PROBLEM TO WORK ON> Skip the pictures. Retype exactly, and only, the lines between the line holding "Коробка подарочная новогодняя" and the last line below, inclusive.
** EXERCISE INPUT follows **
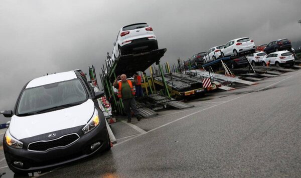 A worker loads Kia cars onto trucks at its factory in Zilina.PETR JOSEK/Reuters
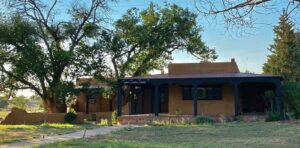 Front view of The Ranch House at The Chi Center, featuring traditional adobe design, shaded porch, and surrounded by lush trees and serene natural landscape.
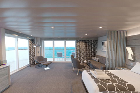 suite luxoase cu servicii de butler 24/7 și concierge dedicat restaurant privat, lounge exclusiv și piscină rezervată prioritate la îmbarcare/debarcare și acces la zona Spa Thermal Suite inclus pachete de băuturi și internet incluse
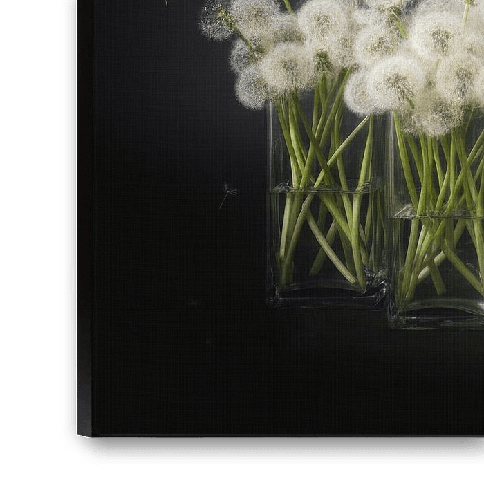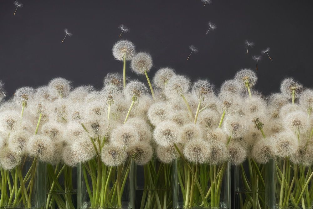 This digital illustration shows a row of glass vases filled with dandelion fluff against a dark background. The image has a calm, clean look.
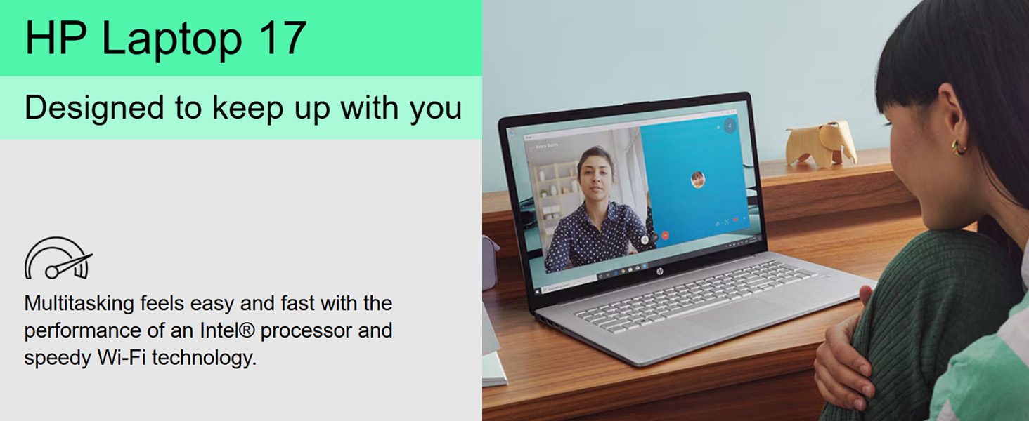 CRISP DISPLAY & PRIVACY - Features a HD webcam with privacy shutter for clear video calls, and it boasts a 17.3" HD+ (1600 x 900) IPS BrightView touchscreen display with integrated Intel graphics, delivering vibrant visuals. Additionally, it supports up to 2 external monitors via HDMI and Type-C ports at 4K (3840x2160) @60Hz (without docking station)
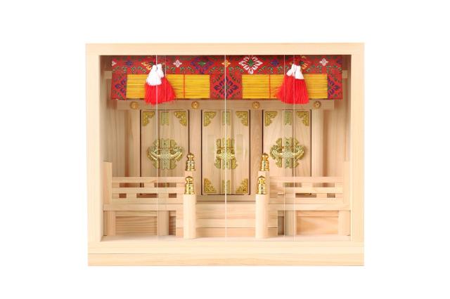 お御簾とガラス引戸で飾られた、とても上品な箱宮です。東濃ひのき製の良質な材を使用した、丁寧な仕上がり。
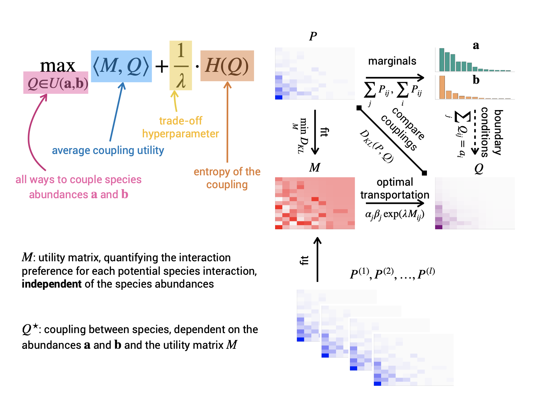 Maybe some ecologists are sceptical about how solving an optimization problem for the ecosystem might be justified. Are not all species only doing the optimal only for themselves and not the system? Well, our OT framework can be motivated as a maximum entropy (MaxEnt) model! Natural phenomena love to create entropy, and MaxEnt has been used successfully throughout the sciences (the Ideal Gas Law can be derived from it). Given two levels of species abundances and no preferences of one species for another, MaxEnt would predict the interaction strength between two species is proportional to their respective abundances. This so-called neutral model is already an excellent baseline in practice! The only addition to our model is that we add a linear functional of the interactions, saying that some are preferred over others2. In a sense, ours is the simplest possible Maxent model that uses information about interactions. We show that our OT solution arises naturally from species-level decisions, given that there is an element of randomness in the system.
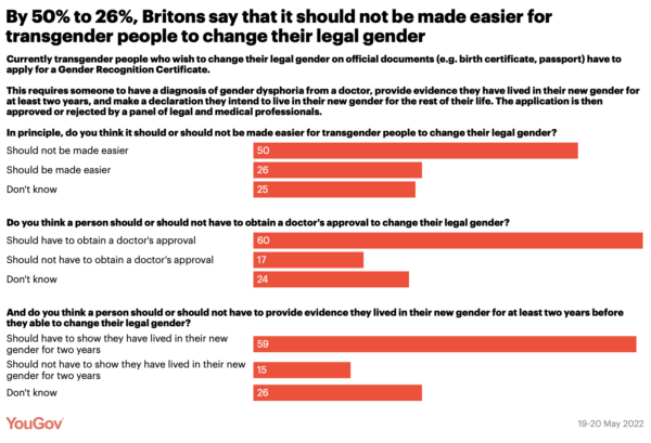 Opposition is higher still when it comes to the specific aspects we highlighted. By 60% to 17%, Britons think the legal process should continue to require a doctor’s approval, and by a similar 59% to 15%, Britons say transgender people should continue to have to show they have lived in their new gender for two years before the change can be legally accepted.
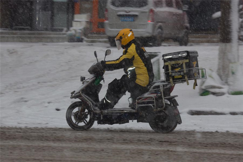 Un Repartidor en la Nieve captura a un hombre que viaja a entregar comida para llevar en la ciudad de Jilin, provincia de Jilin, noreste de China, en enero de 2018. (Foto: cpanet.org.cn/ Wang Hanyi)
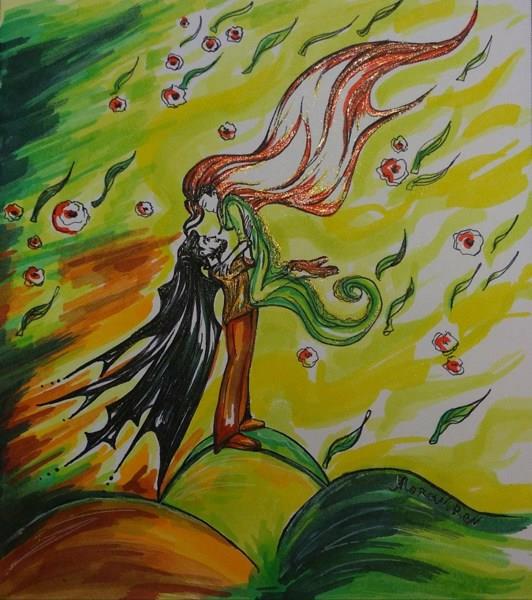 Сначала была картинка. Девушка с длинными рыже-белыми волосами прыгала в объятия бородатого мужчины в плаще. Симпатично, эмоционально, волосам героини лично я, пока рисовала, обзавидовалась. И необычные, и длинные, и ещё и послушные - как в дорамах, где волосок к волоску при любой боёвке.
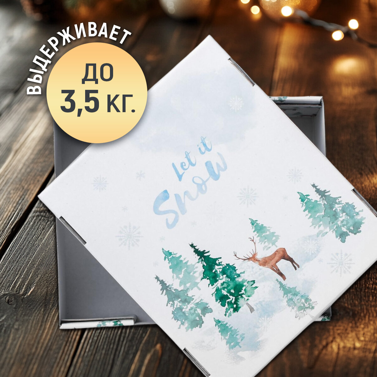 Коробка подарочная новогодняя «Лесная сказка», 31 х 25 х 16 см, белый, для упаковки подарка на Новый год 169 ₽
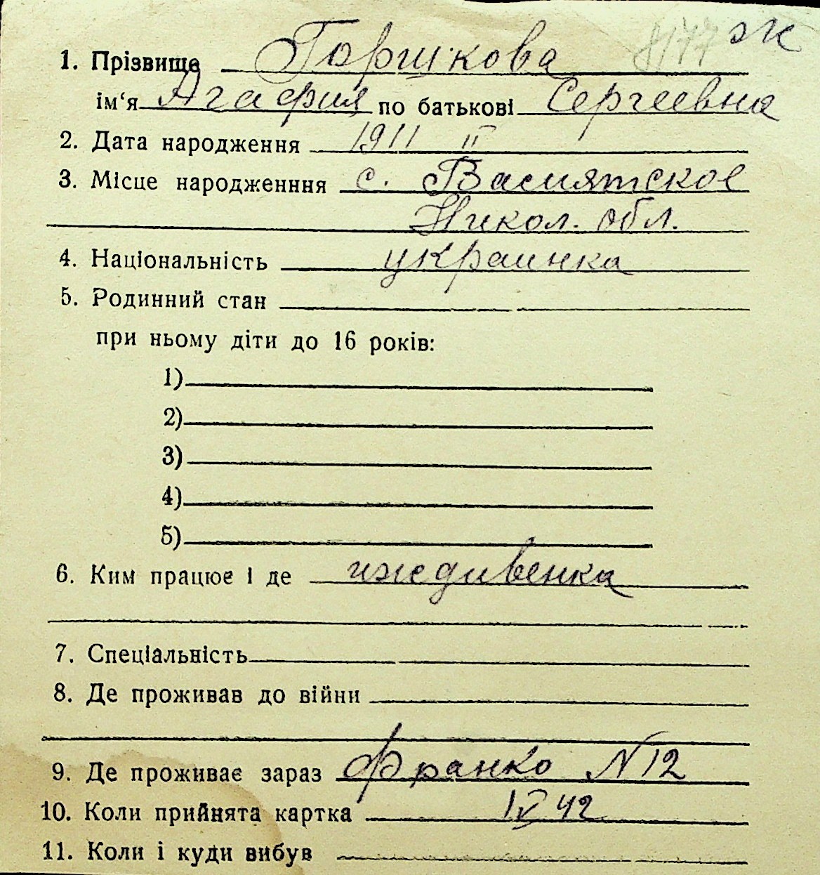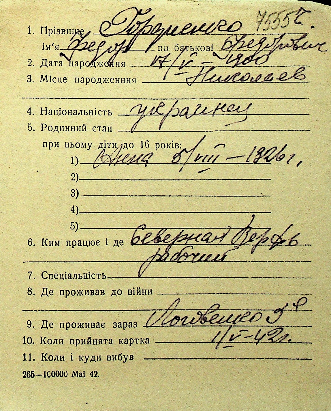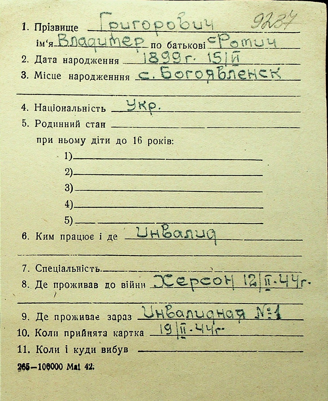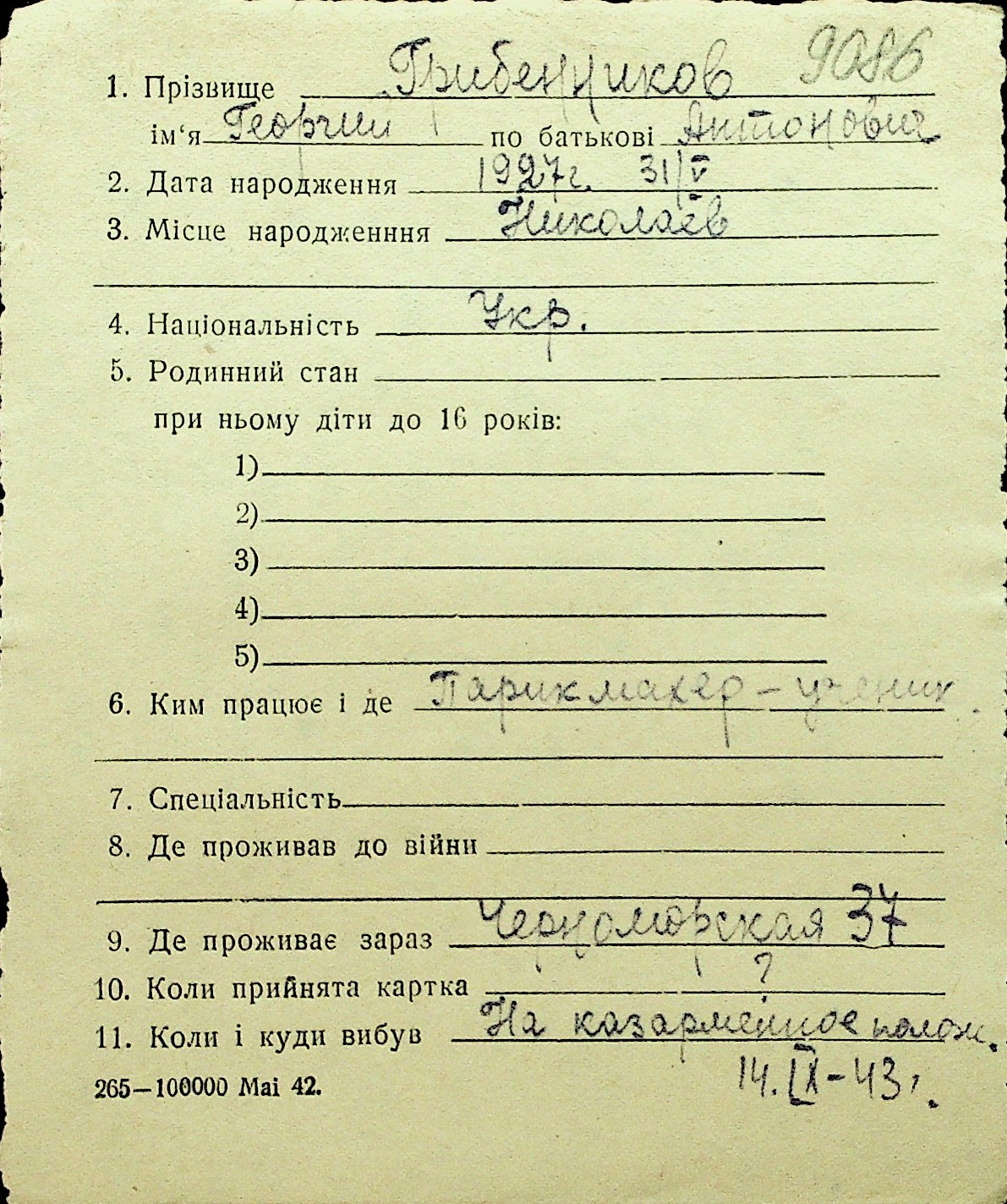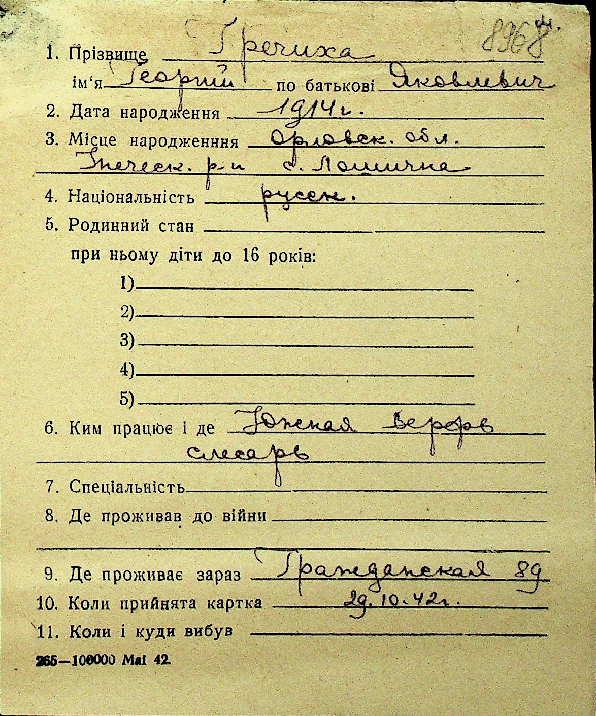 • • Перелік карток до фонду № Н-1016
** End of EXERCISE INPUT **
FINAL ANSWER>
 Коробка подарочная новогодняя «Лесная сказка», 31 х 25 х 16 см, белый, для упаковки подарка на Новый год 169 ₽
 • • Перелік карток до фонду № Н-1016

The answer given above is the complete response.